Northern Districts (Jets)
- Full name: Northern Districts Cricket Club
- Nickname: The Jets
- Sport: Cricket
- Founded: 1997
- First season: 1997/98
- League: South Australian Cricket Association
- Home ground: Salisbury Oval
- Colours: Navy and Orange
- Anthem: "See The Jets Fly Up"
- President: Tom Zorich
- Head coach: Chris Duval
- Captain: Mark Cosgrove
- 2015/16: 6th

= Northern Districts Cricket Club =

The Northern Districts Cricket Club ("Jets") is a semi-professional cricket club in Adelaide, South Australia.
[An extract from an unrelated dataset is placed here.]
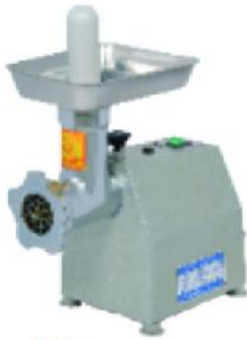
MM8 额定电压 Rate Voltage:~220V 额定频率 Rate Frequency:50hz 电机功率 Power:0.55kw 生产能力 productivity:80kg/h 整机重量 Net Weight:16kg 外型尺寸 Dimension:345x190x355mm 肉板孔径 meat plate aperture:6mm 8mm

It competes in the South Australian Grade Cricket Competition, which is administered by the South Australian Cricket Association (SACA).

The club entered the SACA competition in season 1997/98 as the result of the amalgamation of the Elizabeth and Salisbury District Cricket Clubs. In 2004/05 the Jets won the SACA Grade Competition premiership. The club has also won the West End Cup (one-day competition) in 1998/99, the inaugural 20 x 20 SACA competition in 2003/04 and again in 2009/10

The club has produced test players Darren Lehmann, Peter Sleep and recently Graham Manou and Ryan Harris. Whilst Mark Cosgrove has also represented the club at One Day International level. State players include Mark Higgs, Chris Duval and Cameron Williams

The current 'A Grade' captain is Mark Cosgrove

The juniors regularly compete in finals in all grades.

The 'Jets' have also recruited English talent such as Damien Brandy, Stephen Moore, Lee 'the artist' Craig, Mark Pettini, Mervyn Westfield, Ben Wright, Tom Poynton, Matt Pardoe, Joe Gatting, Ben Cox along with Zimbabwean Keeper Craig Dollar

The Jets play their senior home games at Salisbury Oval, Salisbury, South Australia. Other grounds used for home games in the lower grades include the three grounds at the Paddocks Reserve. The club derives its nickname of the Jets from the proximity and prominence of the Edinburgh Air Force Base.